■ **Work to complete**: I'd like the entire listing output verbatim, apart from the pictures.
___
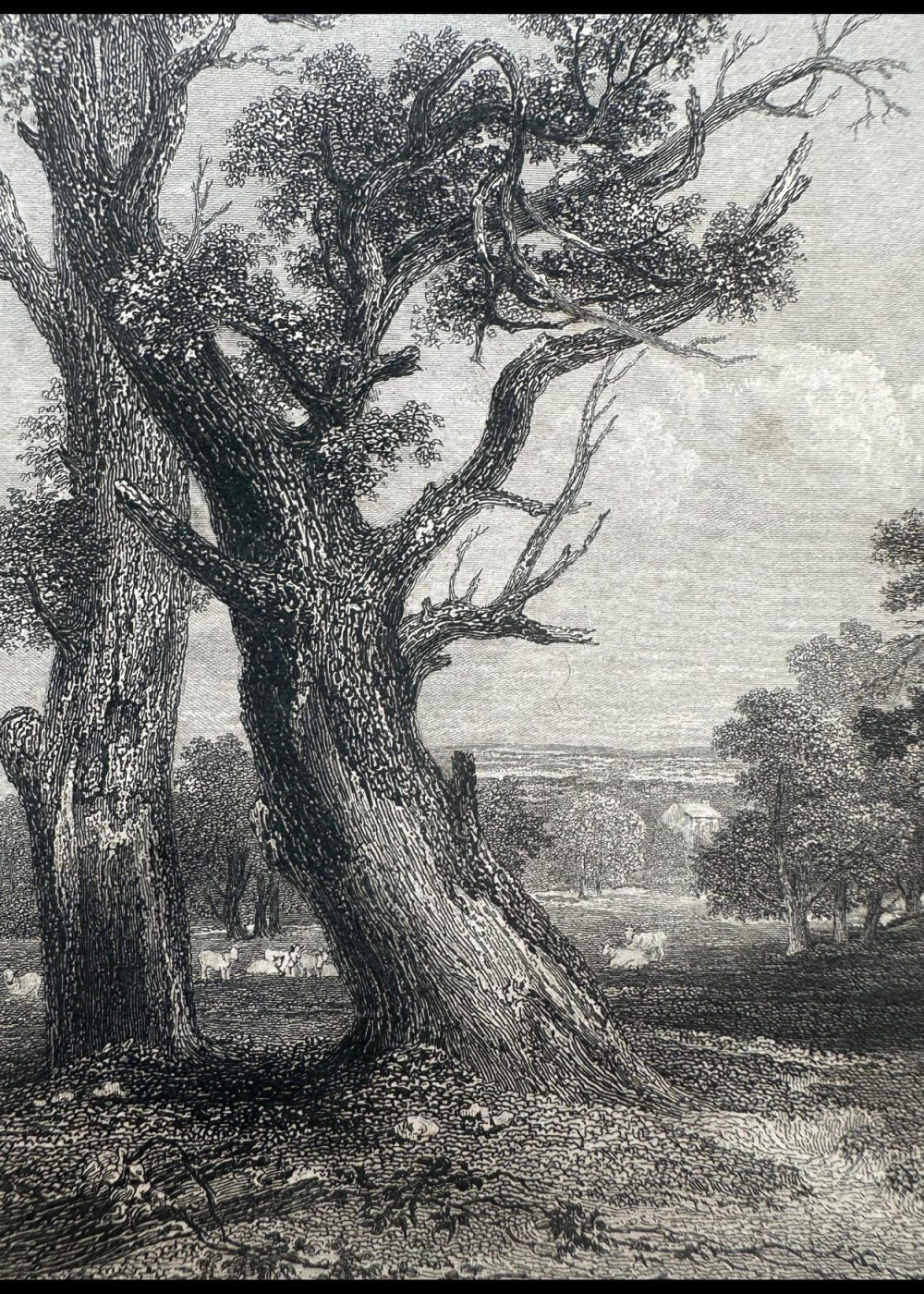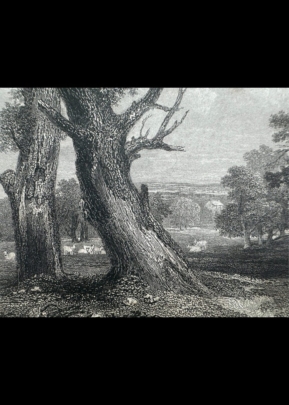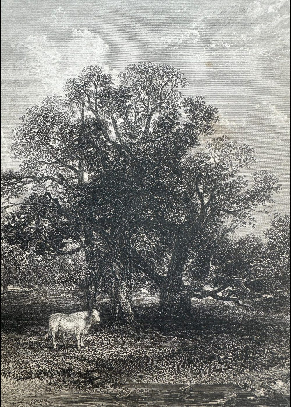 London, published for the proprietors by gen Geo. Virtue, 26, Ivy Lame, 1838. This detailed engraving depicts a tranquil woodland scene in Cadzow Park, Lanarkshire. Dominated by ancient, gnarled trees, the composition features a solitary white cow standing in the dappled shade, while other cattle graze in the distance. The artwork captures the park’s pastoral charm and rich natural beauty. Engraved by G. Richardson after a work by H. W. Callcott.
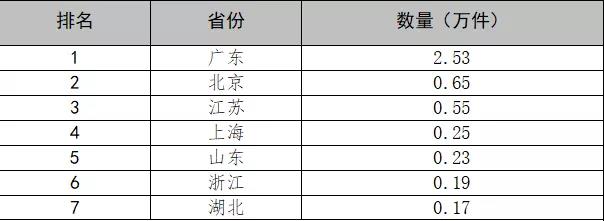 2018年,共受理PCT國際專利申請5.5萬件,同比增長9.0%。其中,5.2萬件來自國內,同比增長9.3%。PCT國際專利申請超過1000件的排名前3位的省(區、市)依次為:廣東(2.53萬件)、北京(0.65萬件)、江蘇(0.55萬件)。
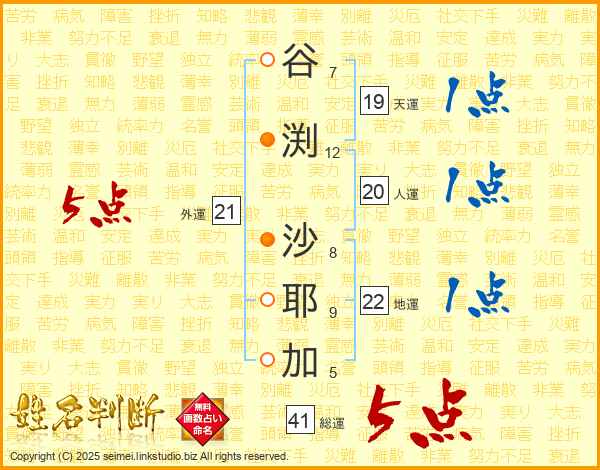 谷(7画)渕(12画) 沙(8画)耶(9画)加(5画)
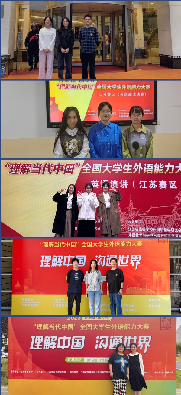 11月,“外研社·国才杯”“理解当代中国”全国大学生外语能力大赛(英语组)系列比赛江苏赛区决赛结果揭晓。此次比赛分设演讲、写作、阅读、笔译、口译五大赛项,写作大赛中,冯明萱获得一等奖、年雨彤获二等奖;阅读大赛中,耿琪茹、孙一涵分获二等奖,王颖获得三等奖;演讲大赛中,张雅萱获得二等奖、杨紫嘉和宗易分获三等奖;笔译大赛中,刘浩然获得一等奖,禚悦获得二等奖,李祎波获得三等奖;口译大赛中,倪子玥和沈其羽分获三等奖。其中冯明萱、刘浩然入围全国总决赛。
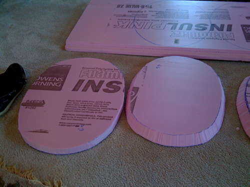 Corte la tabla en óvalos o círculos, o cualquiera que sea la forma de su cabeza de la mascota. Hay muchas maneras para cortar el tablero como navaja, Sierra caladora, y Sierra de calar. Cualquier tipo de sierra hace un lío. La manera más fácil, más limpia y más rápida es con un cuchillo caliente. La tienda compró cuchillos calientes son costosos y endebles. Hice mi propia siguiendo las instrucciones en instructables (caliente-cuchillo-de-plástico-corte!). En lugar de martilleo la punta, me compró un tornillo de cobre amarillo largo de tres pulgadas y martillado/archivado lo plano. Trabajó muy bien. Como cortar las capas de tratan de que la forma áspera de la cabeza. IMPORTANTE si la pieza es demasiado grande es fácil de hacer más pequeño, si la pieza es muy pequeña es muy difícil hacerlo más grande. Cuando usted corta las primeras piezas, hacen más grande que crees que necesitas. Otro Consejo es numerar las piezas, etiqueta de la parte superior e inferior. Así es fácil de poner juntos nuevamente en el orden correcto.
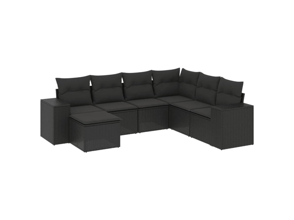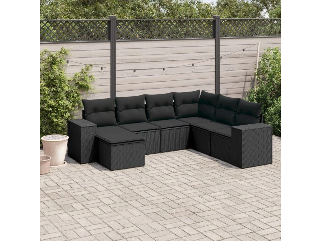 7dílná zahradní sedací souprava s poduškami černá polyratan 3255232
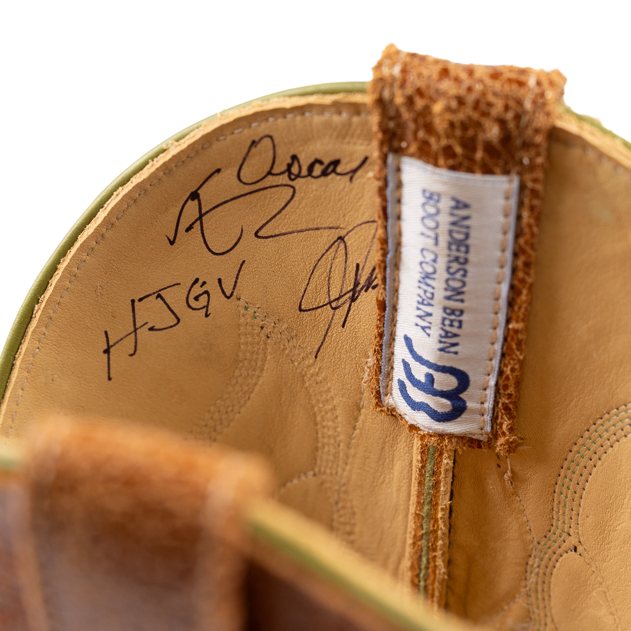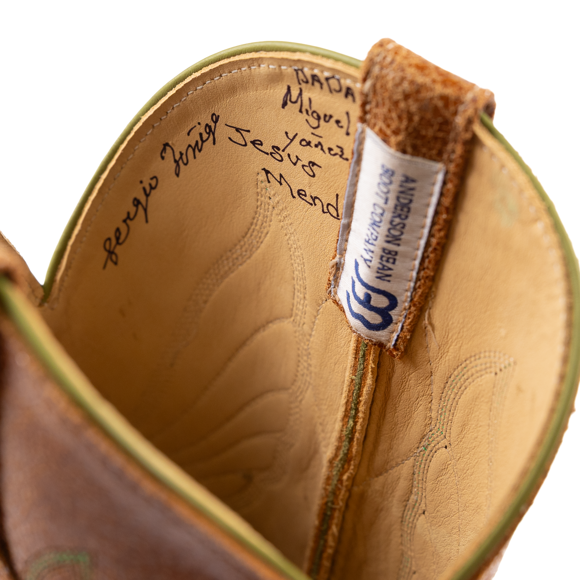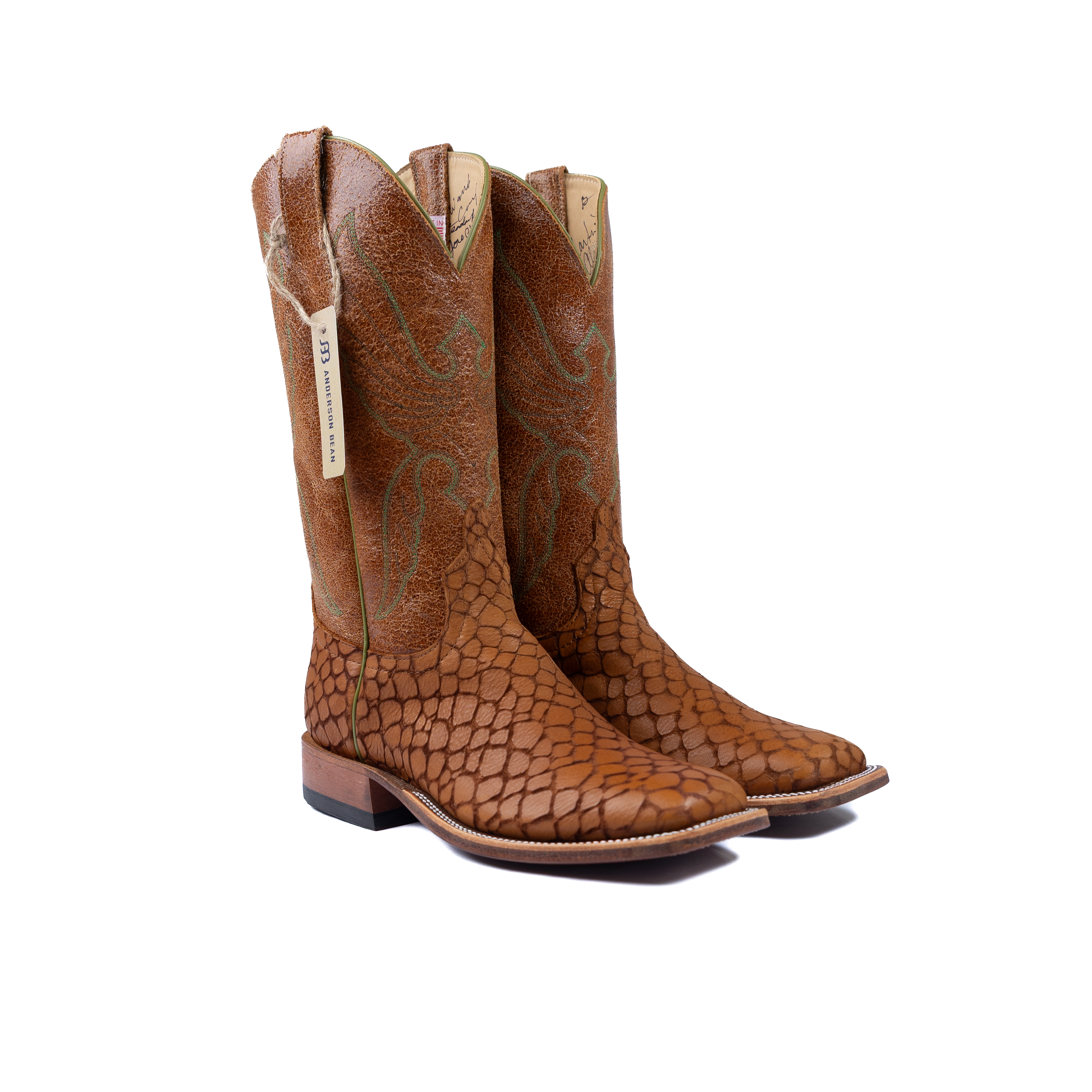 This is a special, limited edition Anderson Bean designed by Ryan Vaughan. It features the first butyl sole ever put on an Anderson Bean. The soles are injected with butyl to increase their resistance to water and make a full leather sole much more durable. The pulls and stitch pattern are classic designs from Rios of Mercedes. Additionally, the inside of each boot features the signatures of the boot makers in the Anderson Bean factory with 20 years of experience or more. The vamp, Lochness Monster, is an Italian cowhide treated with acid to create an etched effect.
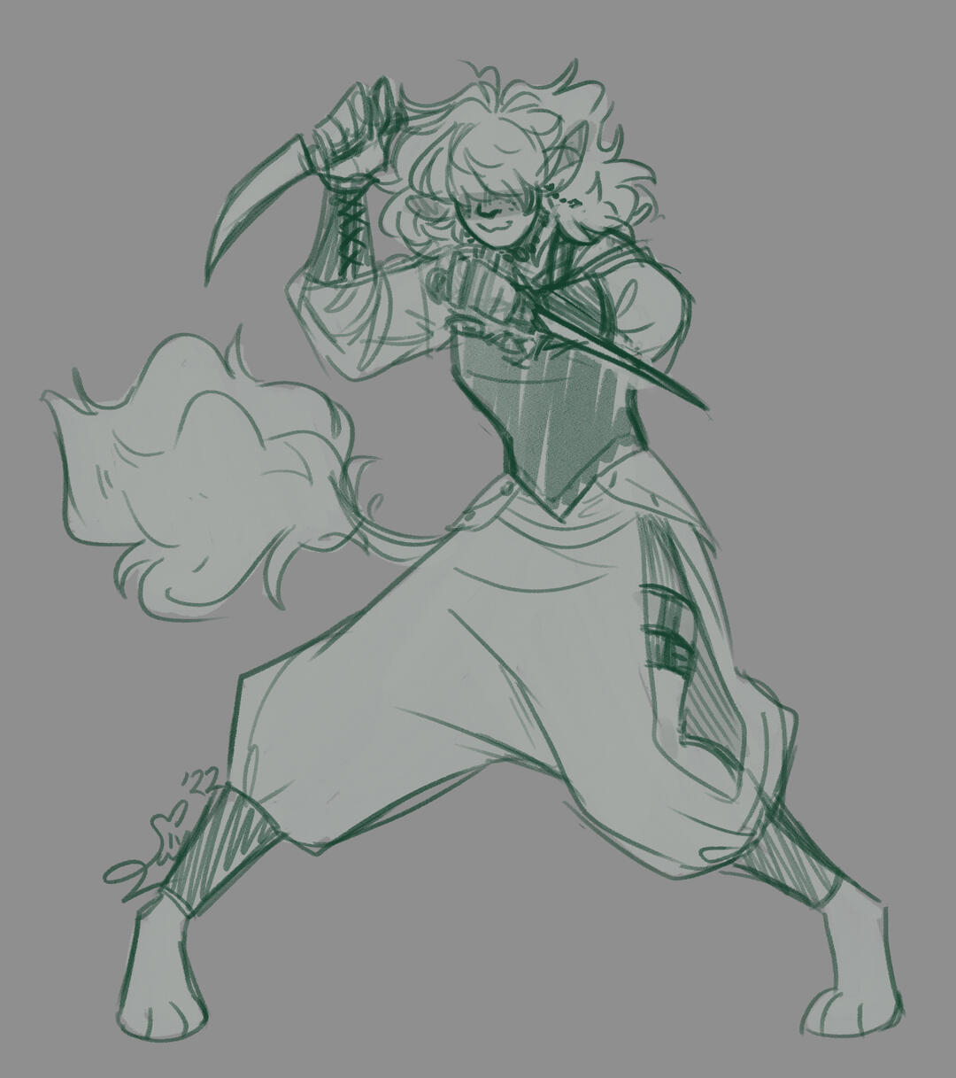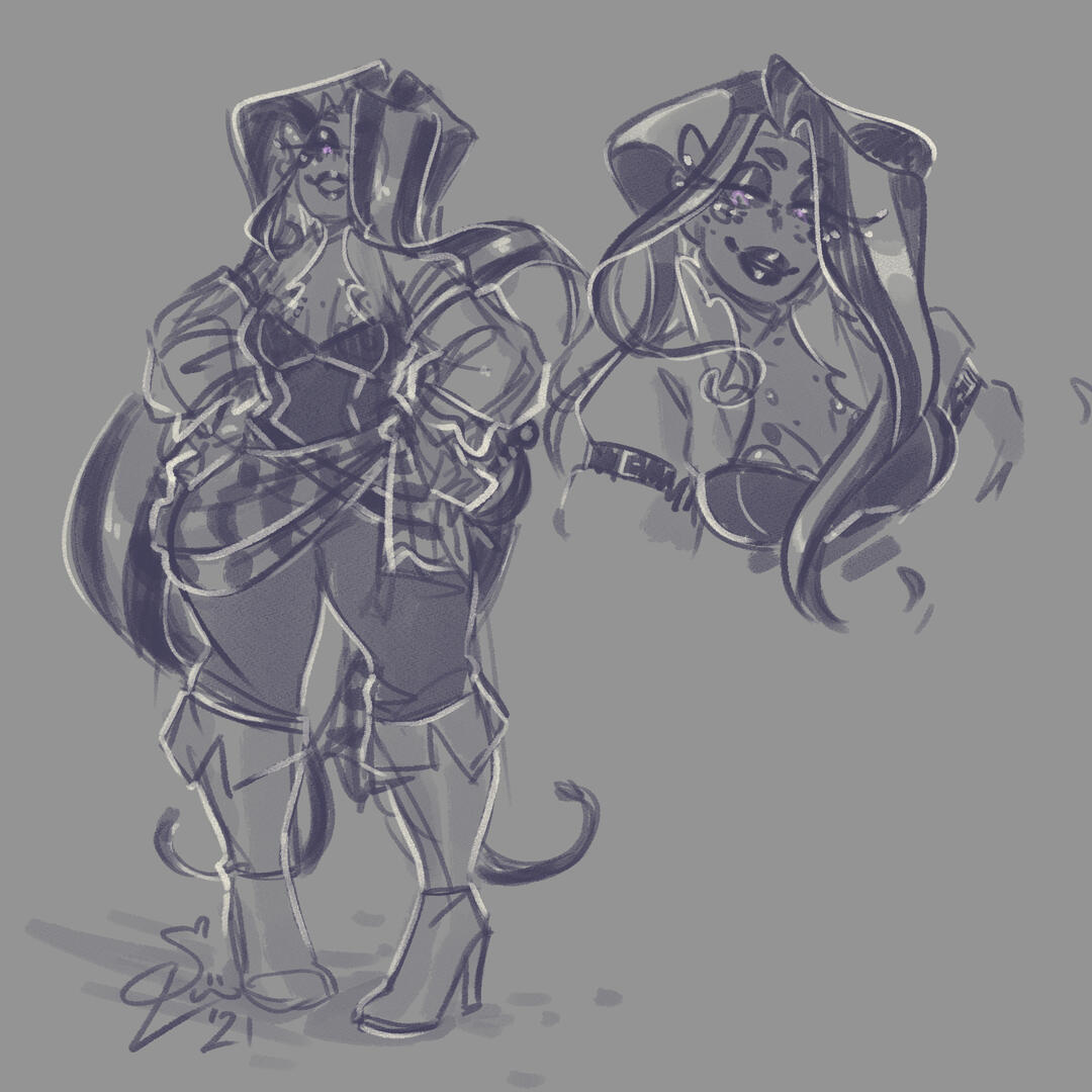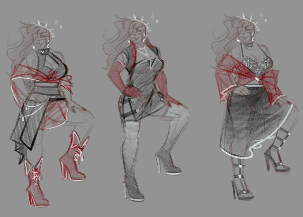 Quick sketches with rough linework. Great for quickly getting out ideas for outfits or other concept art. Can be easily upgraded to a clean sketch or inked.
___
■ **Solution to the exercise**:
 London, published for the proprietors by gen Geo. Virtue, 26, Ivy Lame, 1838. This detailed engraving depicts a tranquil woodland scene in Cadzow Park, Lanarkshire. Dominated by ancient, gnarled trees, the composition features a solitary white cow standing in the dappled shade, while other cattle graze in the distance. The artwork captures the park’s pastoral charm and rich natural beauty. Engraved by G. Richardson after a work by H. W. Callcott.
 2018年,共受理PCT國際專利申請5.5萬件,同比增長9.0%。其中,5.2萬件來自國內,同比增長9.3%。PCT國際專利申請超過1000件的排名前3位的省(區、市)依次為:廣東(2.53萬件)、北京(0.65萬件)、江蘇(0.55萬件)。
 谷(7画)渕(12画) 沙(8画)耶(9画)加(5画)
 11月,“外研社·国才杯”“理解当代中国”全国大学生外语能力大赛(英语组)系列比赛江苏赛区决赛结果揭晓。此次比赛分设演讲、写作、阅读、笔译、口译五大赛项,写作大赛中,冯明萱获得一等奖、年雨彤获二等奖;阅读大赛中,耿琪茹、孙一涵分获二等奖,王颖获得三等奖;演讲大赛中,张雅萱获得二等奖、杨紫嘉和宗易分获三等奖;笔译大赛中,刘浩然获得一等奖,禚悦获得二等奖,李祎波获得三等奖;口译大赛中,倪子玥和沈其羽分获三等奖。其中冯明萱、刘浩然入围全国总决赛。
 Corte la tabla en óvalos o círculos, o cualquiera que sea la forma de su cabeza de la mascota. Hay muchas maneras para cortar el tablero como navaja, Sierra caladora, y Sierra de calar. Cualquier tipo de sierra hace un lío. La manera más fácil, más limpia y más rápida es con un cuchillo caliente. La tienda compró cuchillos calientes son costosos y endebles. Hice mi propia siguiendo las instrucciones en instructables (caliente-cuchillo-de-plástico-corte!). En lugar de martilleo la punta, me compró un tornillo de cobre amarillo largo de tres pulgadas y martillado/archivado lo plano. Trabajó muy bien. Como cortar las capas de tratan de que la forma áspera de la cabeza. IMPORTANTE si la pieza es demasiado grande es fácil de hacer más pequeño, si la pieza es muy pequeña es muy difícil hacerlo más grande. Cuando usted corta las primeras piezas, hacen más grande que crees que necesitas. Otro Consejo es numerar las piezas, etiqueta de la parte superior e inferior. Así es fácil de poner juntos nuevamente en el orden correcto.
 7dílná zahradní sedací souprava s poduškami černá polyratan 3255232
 This is a special, limited edition Anderson Bean designed by Ryan Vaughan. It features the first butyl sole ever put on an Anderson Bean. The soles are injected with butyl to increase their resistance to water and make a full leather sole much more durable. The pulls and stitch pattern are classic designs from Rios of Mercedes. Additionally, the inside of each boot features the signatures of the boot makers in the Anderson Bean factory with 20 years of experience or more. The vamp, Lochness Monster, is an Italian cowhide treated with acid to create an etched effect.
 Quick sketches with rough linework. Great for quickly getting out ideas for outfits or other concept art. Can be easily upgraded to a clean sketch or inked.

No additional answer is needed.